◆ **Problem statement**
Take the records below and set down exactly the lines from the one with "دکور ( کتیبه" to the one with "without cutting stems", ends included; do not copy the pictures.

◆ **Records**
══════════

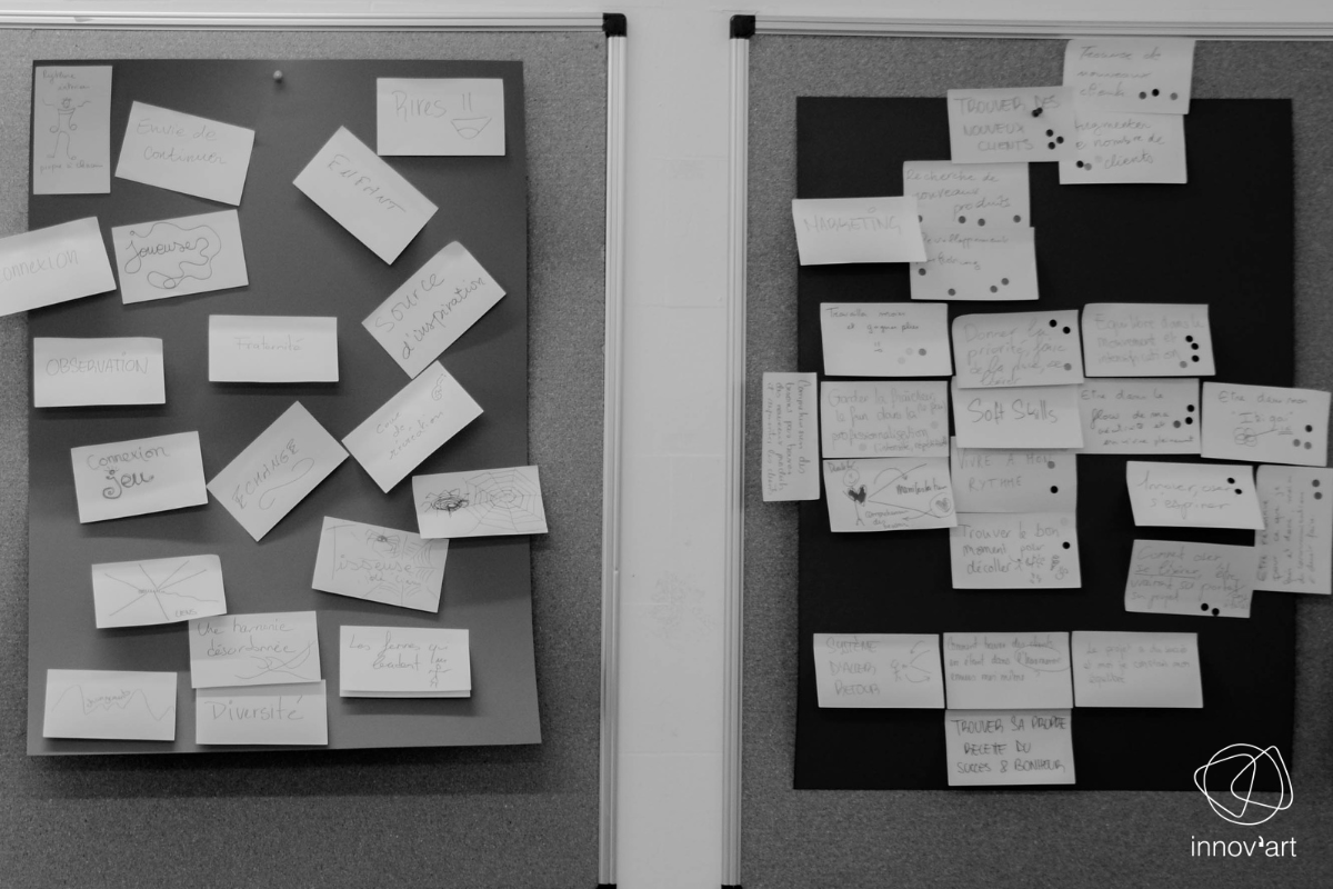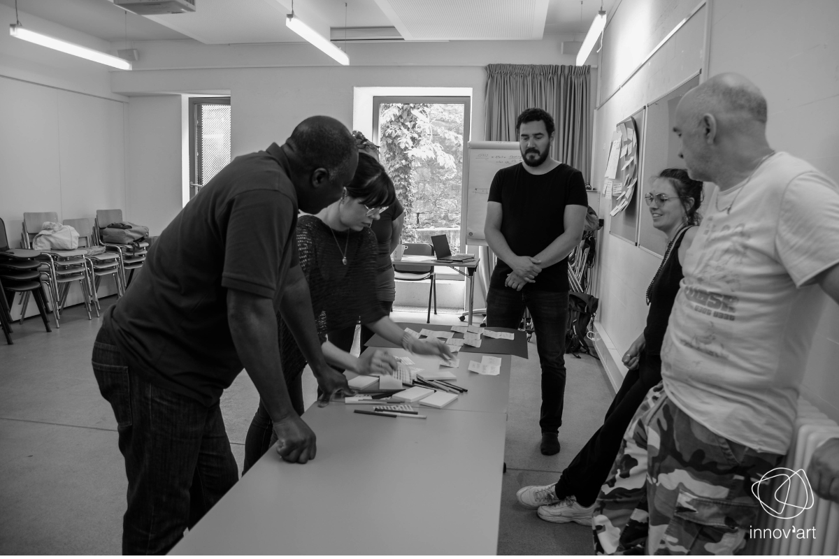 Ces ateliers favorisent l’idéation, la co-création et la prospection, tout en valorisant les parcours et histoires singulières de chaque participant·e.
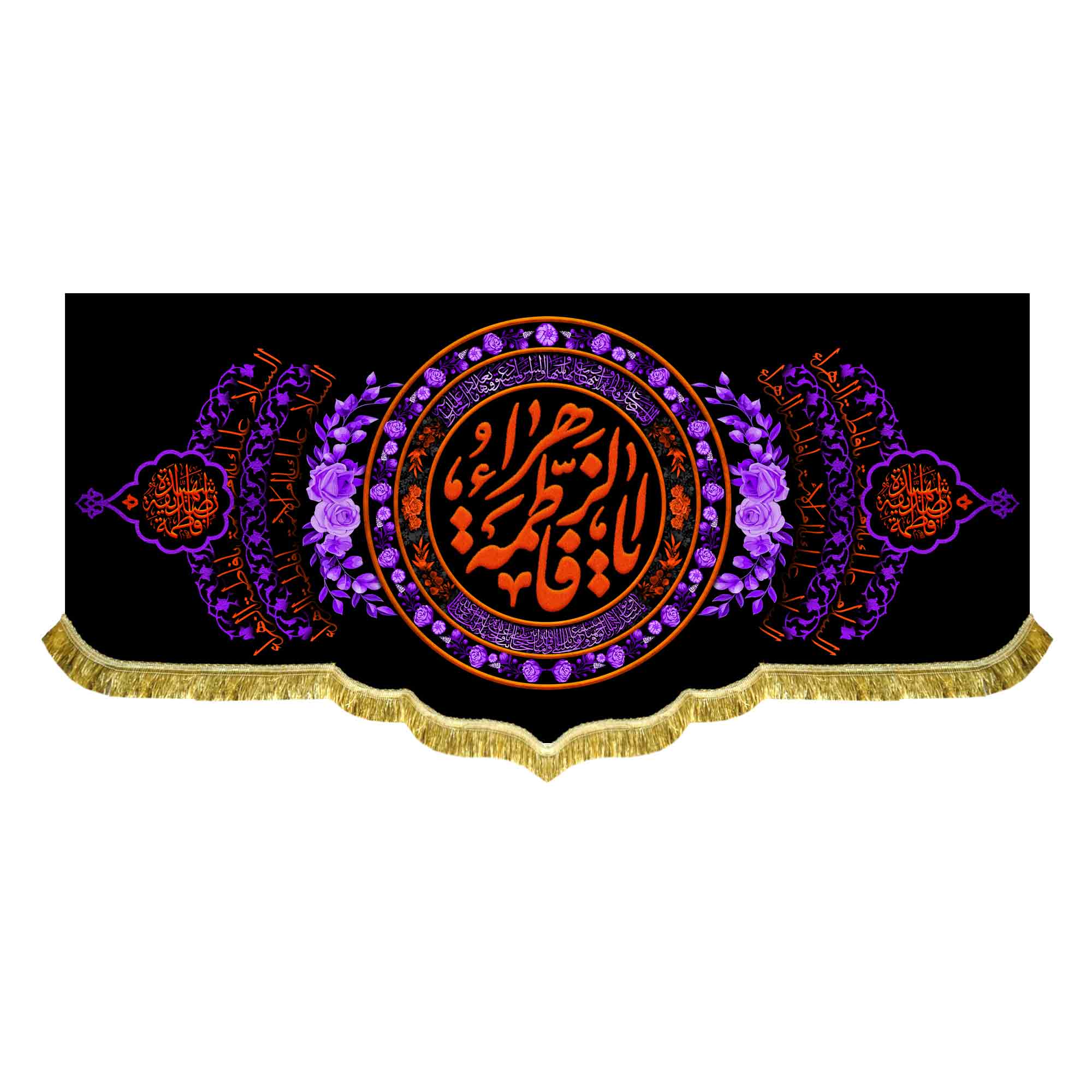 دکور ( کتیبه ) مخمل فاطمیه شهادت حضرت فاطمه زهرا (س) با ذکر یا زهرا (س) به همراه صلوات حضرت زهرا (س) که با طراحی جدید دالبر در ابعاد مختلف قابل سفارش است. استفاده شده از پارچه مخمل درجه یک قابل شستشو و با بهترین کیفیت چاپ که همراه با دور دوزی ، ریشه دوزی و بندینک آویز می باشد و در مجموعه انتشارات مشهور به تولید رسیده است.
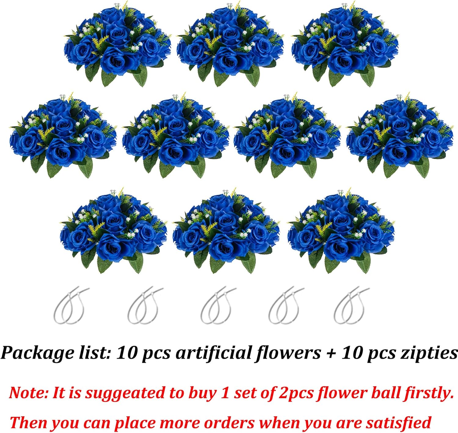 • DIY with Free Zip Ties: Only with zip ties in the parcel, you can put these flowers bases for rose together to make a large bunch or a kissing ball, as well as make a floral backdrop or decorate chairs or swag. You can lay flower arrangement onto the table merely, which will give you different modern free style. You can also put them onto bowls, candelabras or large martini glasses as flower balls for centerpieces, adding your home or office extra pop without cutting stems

══════════

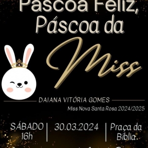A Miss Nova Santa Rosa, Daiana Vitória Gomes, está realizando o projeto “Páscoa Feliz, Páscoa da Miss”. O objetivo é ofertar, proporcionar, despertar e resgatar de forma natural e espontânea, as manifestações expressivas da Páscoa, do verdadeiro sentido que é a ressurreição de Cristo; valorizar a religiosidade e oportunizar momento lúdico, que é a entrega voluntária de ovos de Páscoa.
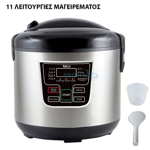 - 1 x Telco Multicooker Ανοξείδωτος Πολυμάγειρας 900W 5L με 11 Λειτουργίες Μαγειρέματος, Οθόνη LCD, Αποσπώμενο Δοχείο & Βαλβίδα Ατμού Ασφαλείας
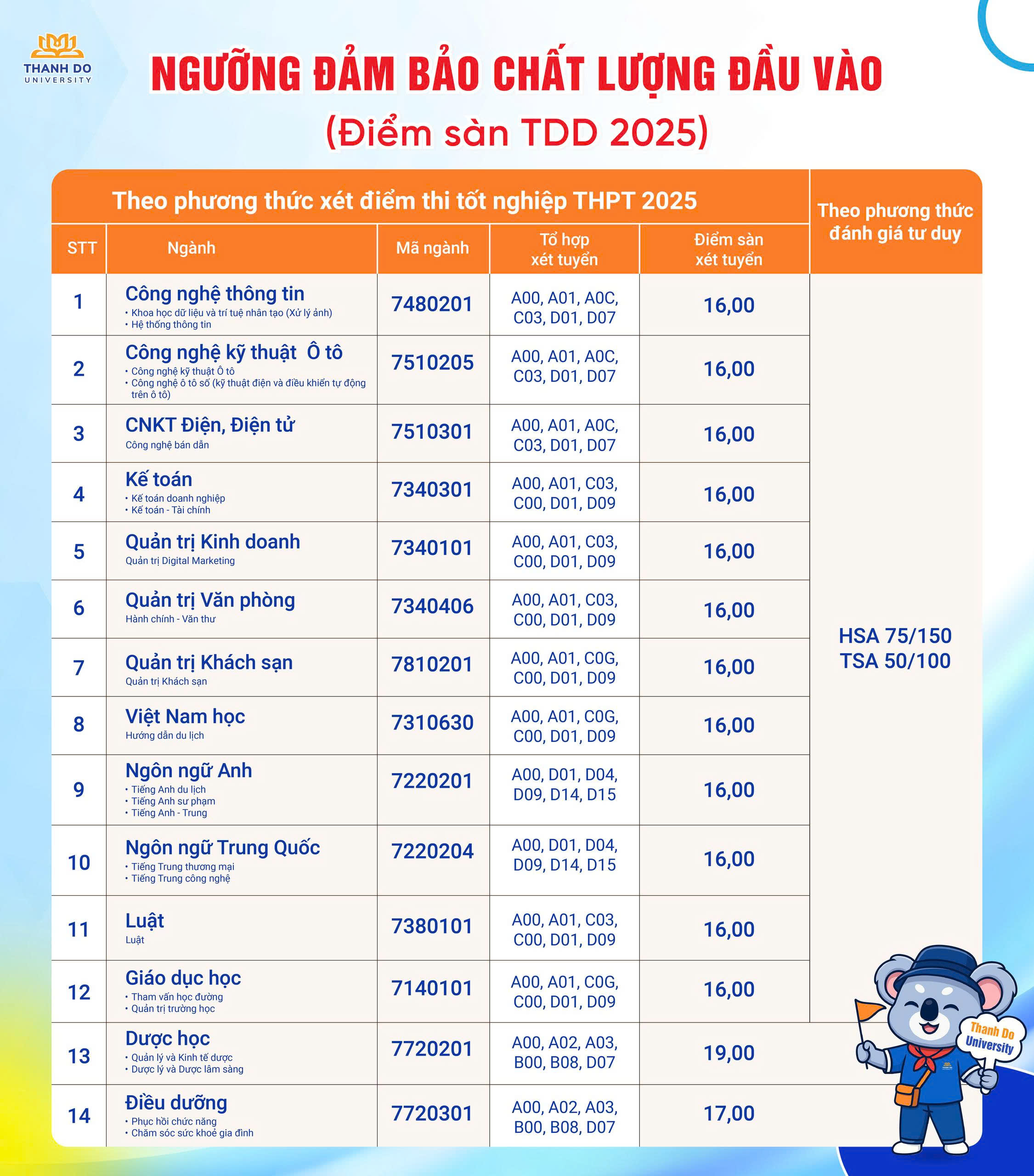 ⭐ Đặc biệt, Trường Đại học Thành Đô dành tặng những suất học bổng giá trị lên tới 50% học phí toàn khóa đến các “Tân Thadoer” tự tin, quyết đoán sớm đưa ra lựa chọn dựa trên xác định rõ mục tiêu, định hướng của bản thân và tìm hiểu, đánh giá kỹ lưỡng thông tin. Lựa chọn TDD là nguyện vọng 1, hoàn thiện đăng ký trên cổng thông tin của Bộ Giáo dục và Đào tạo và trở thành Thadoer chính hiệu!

══════════

◆ **Written reply**
 دکور ( کتیبه ) مخمل فاطمیه شهادت حضرت فاطمه زهرا (س) با ذکر یا زهرا (س) به همراه صلوات حضرت زهرا (س) که با طراحی جدید دالبر در ابعاد مختلف قابل سفارش است. استفاده شده از پارچه مخمل درجه یک قابل شستشو و با بهترین کیفیت چاپ که همراه با دور دوزی ، ریشه دوزی و بندینک آویز می باشد و در مجموعه انتشارات مشهور به تولید رسیده است.
 • DIY with Free Zip Ties: Only with zip ties in the parcel, you can put these flowers bases for rose together to make a large bunch or a kissing ball, as well as make a floral backdrop or decorate chairs or swag. You can lay flower arrangement onto the table merely, which will give you different modern free style. You can also put them onto bowls, candelabras or large martini glasses as flower balls for centerpieces, adding your home or office extra pop without cutting stems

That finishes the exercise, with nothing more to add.